Memory Allocation Strategy - Problems
Consider the requests from processes in given order 300K, 25K, 125K, and 50K. Let there be two blocks of memory available of size 150K followed by a block size 350K. Which of the memory allocation schemes can satisfy the above requests?
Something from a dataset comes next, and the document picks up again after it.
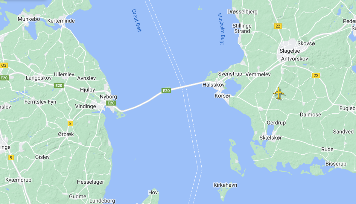 Ein Blick auf die Flugverfolgungs-Website Flightradar24 zeigt, dass Verkehrsflugzeuge dem Gebiet ausweichen. Korsør liegt etwa 4 km südlich der Brücke über den Großen Belt, die den Straßenverkehr zwischen den dänischen Inseln Seeland und Fünen abwickelt – diese Brücke ist weiterhin für den Verkehr geöffnet, da sie nicht in den Gefahrenbereich fällt.

Justify your answer. ( univeristy question)
Given:
-
Memory blocks:
- Block 1 = 150K
- Block 2 = 350K
-
Process requests (in order):
- 300K → 25K → 125K → 50K
1️⃣ First Fit
Allocate each process to the first block large enough.
Step-by-step:
- 300K → fits in 350K → remaining = 50K
- 25K → fits in 150K → remaining = 125K
- 125K → fits in remaining 125K → remaining = 0
- 50K → fits in remaining 50K → remaining = 0
✅ All processes allocated successfully
2️⃣ Best Fit
Allocate each process to the smallest sufficient block.
Step-by-step:
- 300K → fits only in 350K → remaining = 50K
- 25K → fits in 50K (better than 150K) → remaining = 25K
- 125K → fits in 150K → remaining = 25K
- 50K → ❌ cannot fit (only 25K + 25K left, not contiguous)
❌ Fails to allocate all processes
3️⃣ Worst Fit
Allocate each process to the largest available block.
Step-by-step:
- 300K → allocated to 350K → remaining = 50K
- 25K → allocated to 150K → remaining = 125K
- 125K → allocated to 125K → remaining = 0
- 50K → allocated to 50K → remaining = 0
✅ All processes allocated successfully
Final Answer:
| Allocation Scheme | Can satisfy all requests? |
|---|---|
| First Fit | ✅ Yes |
| Best Fit | ❌ No |
| Worst Fit | ✅ Yes |
Justification:
- Best Fit fails due to fragmentation—it leaves small unusable gaps.
- First Fit and Worst Fit succeed because they leave usable block sizes for later processes.